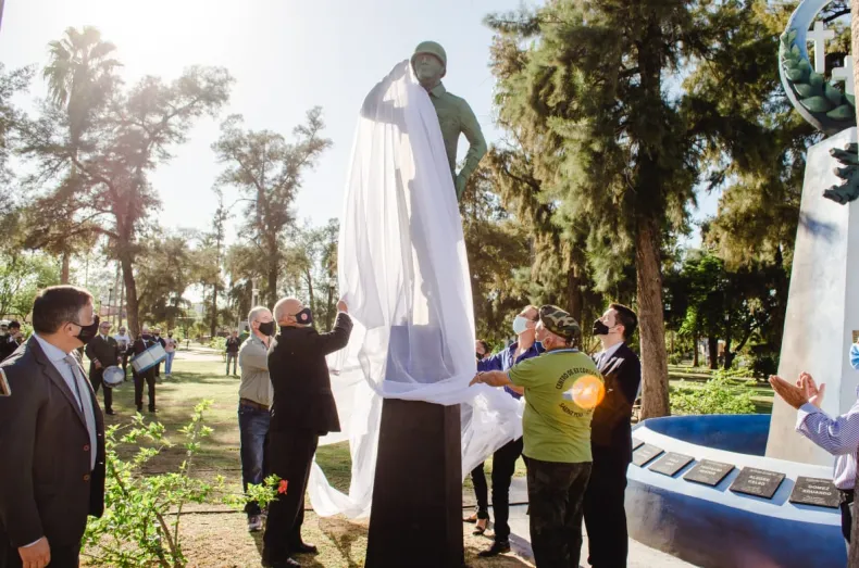 Con mucha emotividad, el homenaje incluyó la inauguración de la puesta en valor de la escultura de los ex combatientes, la cual fue realizada por el artista Rubén Darío Marcoff y cuenta con placas de mármol, donadas por el señor Ricardo Pistek, y que tienen grabadas los nombres de los chaqueños que perdieron la vida en la guerra.
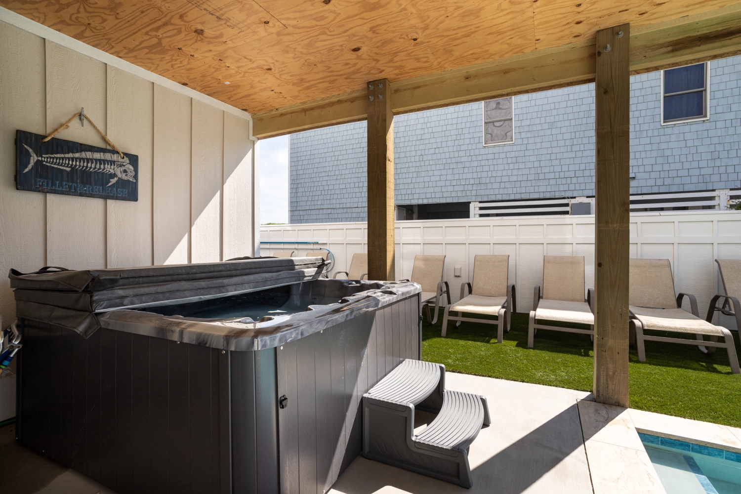 "Brand new house was a treat. Loved the close distance to beach and the view from upper level. Also loved the pool area with the artificial turf. Especially that it gets shade in the afternoon and has lots of seating. Having the 2 refrigerators in kitchen and another downstairs was great as well as the two stoves."
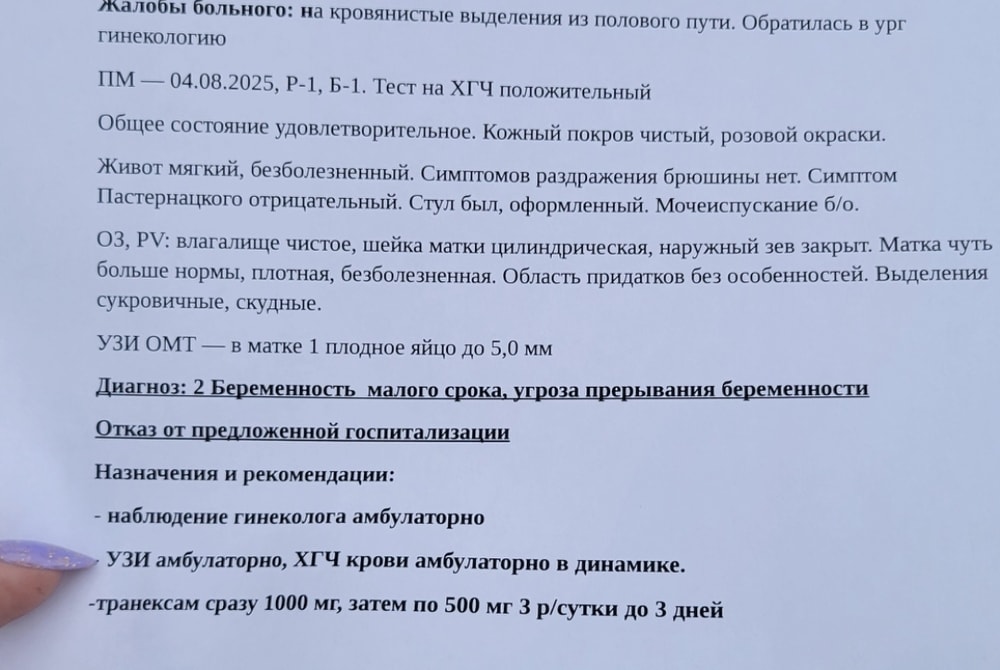 Зря вы отказались от госпитализации, за вами там бы наблюдали и делали узи каждую неделю чтоб смотреть развивается ли эмбрион. А если у вас и кровотечение то темболее надо было ложится.
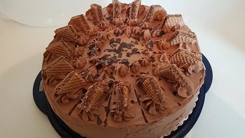 Dann die Sahne steif schlagen und die Torte damit rundherum einstreichen. Mit Mini-Hanuta und der restlichen Nutellacreme garnieren. Am Rand Raspelschokolade aufstreuen.
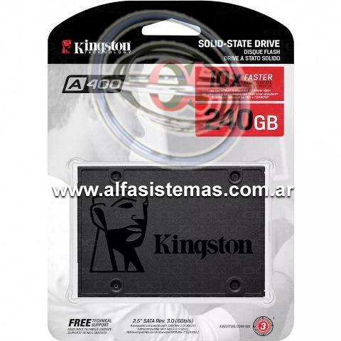 Características: Marca: Kingston Línea: A400 Capacidad: 240 GB Interfaces: SATA III Aplicaciones: Notebook Ubicación: Interno Factor de forma: 2.5 in
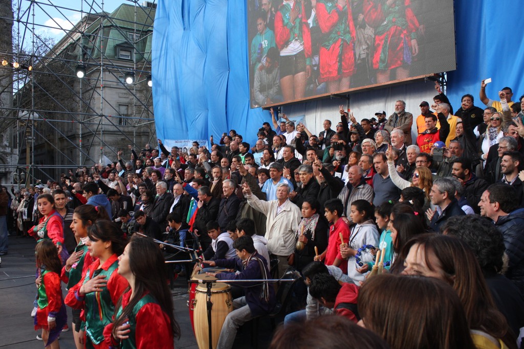 Para dar continuidad a la gran Marcha Federal, que comenzó el 31 de agosto, y continuó el 1 y 2 de septiembre, con actos en Rosario, Córdoba, La Matanza y Avellaneda, entre otras localidades del país, el multitudinario acto en Plaza de Mayo comenzó puntualmente a las 17:00 con una versión del Himno Nacional Argentino completo, interpretado por un ensamble de alumnos y alumnas integrantes de la Orquesta Latinoamericana del Colegio Secundario Tintina de Santiago del Estero. “Queremos expresar nuestro rechazo y repudio a las políticas que deterioran y degradan la educación pública”, señalaron las jóvenes del Centro de Estudiantes del colegio, en nombre de todas y todos los alumnos. “Y nos manifestamos en favor de una educación con inclusión y de calidad, con participación, con democracia, con igualdad de oportunidades para todos, para los que viven en la ciudad, en el campo, para los que vivimos monte adentro, en las montañas, en el monte, en el centro o en el sur de nuestra querida Argentina”.
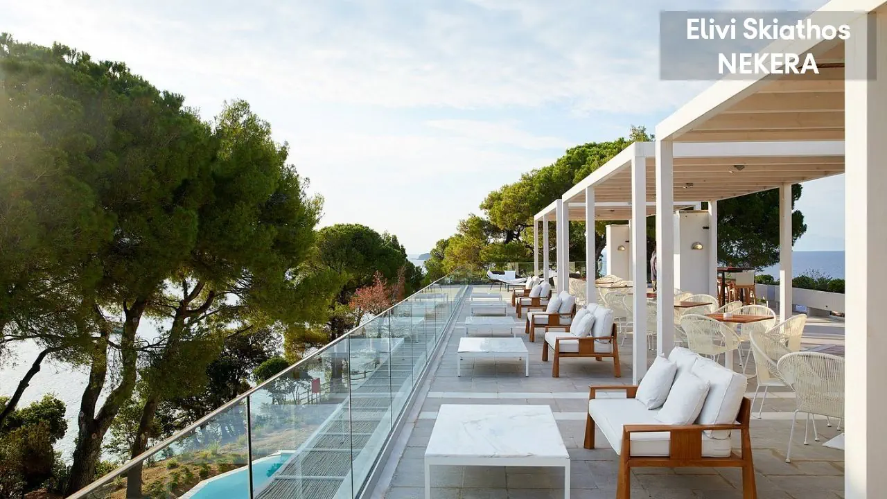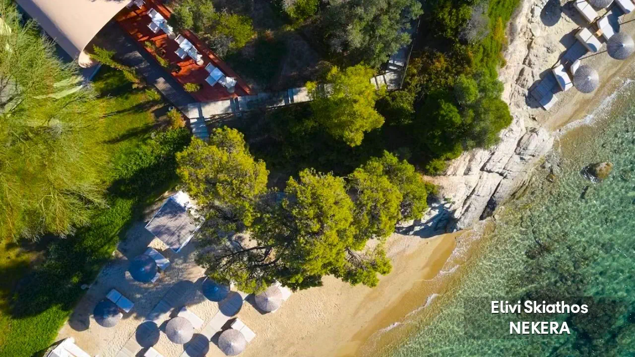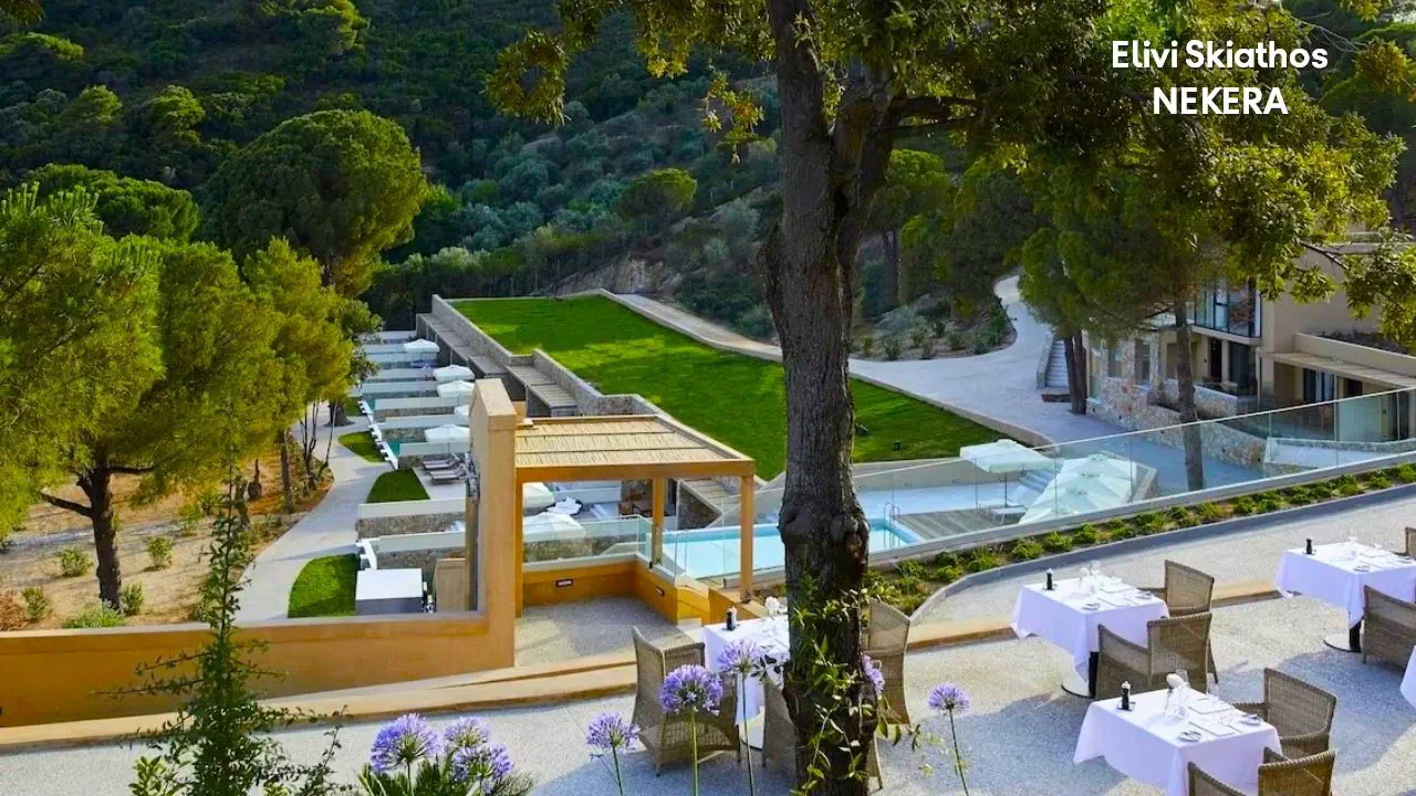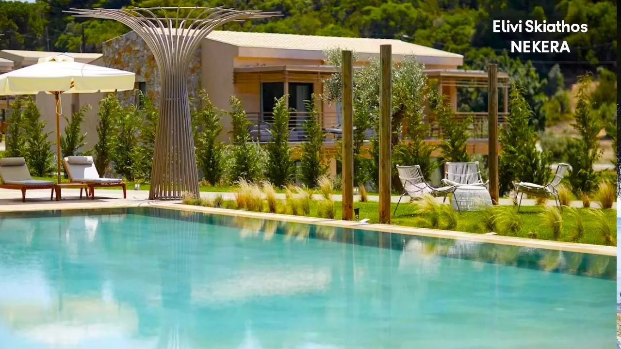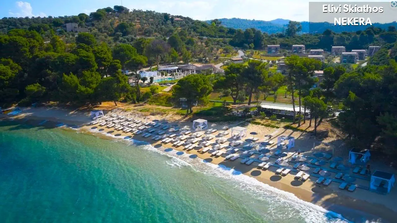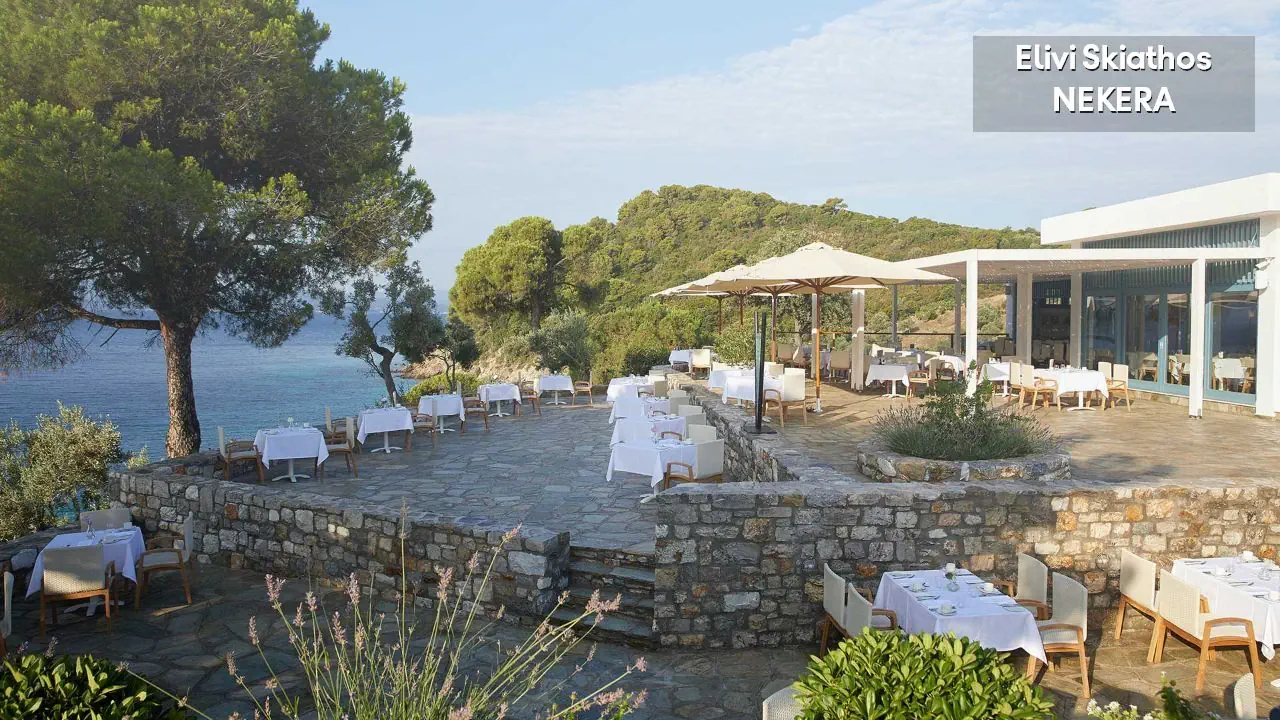 pięciogwiazdkowy hotel resortowy na rozległej przestrzeni 86 ha, usytuowany na półwyspie w lasku piniowym. Hotel z rozległą panoramą na morze, usytuowany w budynku głównym i bunaglowach oferuje zakwaterowanie w 90 pokojach, suitach i willach w czterech częściach: ELIVI Xenia, ELIVI Nest Gorove, ELIVI Nest Infinity, ELIVI Grace. Do dyspozycji Gości: 24h recepcja, klimatyzacja, przestronne lobby, usługi concierge, strefa basenów zewnętrznych: Elvi Nest o pow. 200m2, Elvi Grace o nieregularnej powierzchni 90m2, parasole słoneczne, materace i leżaki, ręczniki plażowe przy basenie, tarasy słoneczne, restauracje śniadaniowe Xenia oraz Nest , 4 restauracji a la carte (dodatkowo płatna: Leda & The Swan - kuchnia śródziemnomorska, Hagoromo – kuchnia japońska, La Trattoria – kuchnia śródziemnomorska, Fresh Fish – z owocami morza), 4 bary (w tym trzy na plaży), przechowalnia bagażu, całodobowa ochrona. Dodatkowo płatne: room serwis 24h, usługi concierge, usługa prania/prasowa, wymiana walut, wypożyczalnia samochodów i skuterów i rowerów, transfer do/z portu Skiathos, fryzjer, sale konferencyjne.
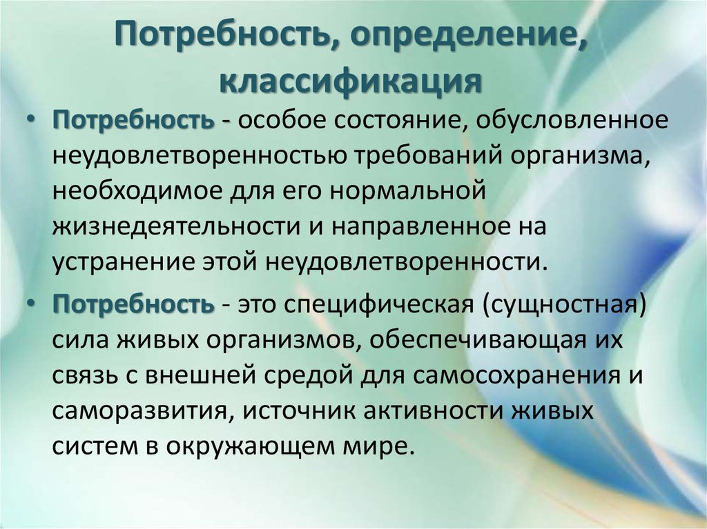 ПОТРЕБНОСТЬ – нужда человека в чем-либо.

* * *

**Your goal**
When you copy the data, keep every line exact and drop the pictures.

**Answer to this task**
 Con mucha emotividad, el homenaje incluyó la inauguración de la puesta en valor de la escultura de los ex combatientes, la cual fue realizada por el artista Rubén Darío Marcoff y cuenta con placas de mármol, donadas por el señor Ricardo Pistek, y que tienen grabadas los nombres de los chaqueños que perdieron la vida en la guerra.
 "Brand new house was a treat. Loved the close distance to beach and the view from upper level. Also loved the pool area with the artificial turf. Especially that it gets shade in the afternoon and has lots of seating. Having the 2 refrigerators in kitchen and another downstairs was great as well as the two stoves."
 Зря вы отказались от госпитализации, за вами там бы наблюдали и делали узи каждую неделю чтоб смотреть развивается ли эмбрион. А если у вас и кровотечение то темболее надо было ложится.
 Dann die Sahne steif schlagen und die Torte damit rundherum einstreichen. Mit Mini-Hanuta und der restlichen Nutellacreme garnieren. Am Rand Raspelschokolade aufstreuen.
 Características: Marca: Kingston Línea: A400 Capacidad: 240 GB Interfaces: SATA III Aplicaciones: Notebook Ubicación: Interno Factor de forma: 2.5 in
 Para dar continuidad a la gran Marcha Federal, que comenzó el 31 de agosto, y continuó el 1 y 2 de septiembre, con actos en Rosario, Córdoba, La Matanza y Avellaneda, entre otras localidades del país, el multitudinario acto en Plaza de Mayo comenzó puntualmente a las 17:00 con una versión del Himno Nacional Argentino completo, interpretado por un ensamble de alumnos y alumnas integrantes de la Orquesta Latinoamericana del Colegio Secundario Tintina de Santiago del Estero. “Queremos expresar nuestro rechazo y repudio a las políticas que deterioran y degradan la educación pública”, señalaron las jóvenes del Centro de Estudiantes del colegio, en nombre de todas y todos los alumnos. “Y nos manifestamos en favor de una educación con inclusión y de calidad, con participación, con democracia, con igualdad de oportunidades para todos, para los que viven en la ciudad, en el campo, para los que vivimos monte adentro, en las montañas, en el monte, en el centro o en el sur de nuestra querida Argentina”.
 pięciogwiazdkowy hotel resortowy na rozległej przestrzeni 86 ha, usytuowany na półwyspie w lasku piniowym. Hotel z rozległą panoramą na morze, usytuowany w budynku głównym i bunaglowach oferuje zakwaterowanie w 90 pokojach, suitach i willach w czterech częściach: ELIVI Xenia, ELIVI Nest Gorove, ELIVI Nest Infinity, ELIVI Grace. Do dyspozycji Gości: 24h recepcja, klimatyzacja, przestronne lobby, usługi concierge, strefa basenów zewnętrznych: Elvi Nest o pow. 200m2, Elvi Grace o nieregularnej powierzchni 90m2, parasole słoneczne, materace i leżaki, ręczniki plażowe przy basenie, tarasy słoneczne, restauracje śniadaniowe Xenia oraz Nest , 4 restauracji a la carte (dodatkowo płatna: Leda & The Swan - kuchnia śródziemnomorska, Hagoromo – kuchnia japońska, La Trattoria – kuchnia śródziemnomorska, Fresh Fish – z owocami morza), 4 bary (w tym trzy na plaży), przechowalnia bagażu, całodobowa ochrona. Dodatkowo płatne: room serwis 24h, usługi concierge, usługa prania/prasowa, wymiana walut, wypożyczalnia samochodów i skuterów i rowerów, transfer do/z portu Skiathos, fryzjer, sale konferencyjne.
 ПОТРЕБНОСТЬ – нужда человека в чем-либо.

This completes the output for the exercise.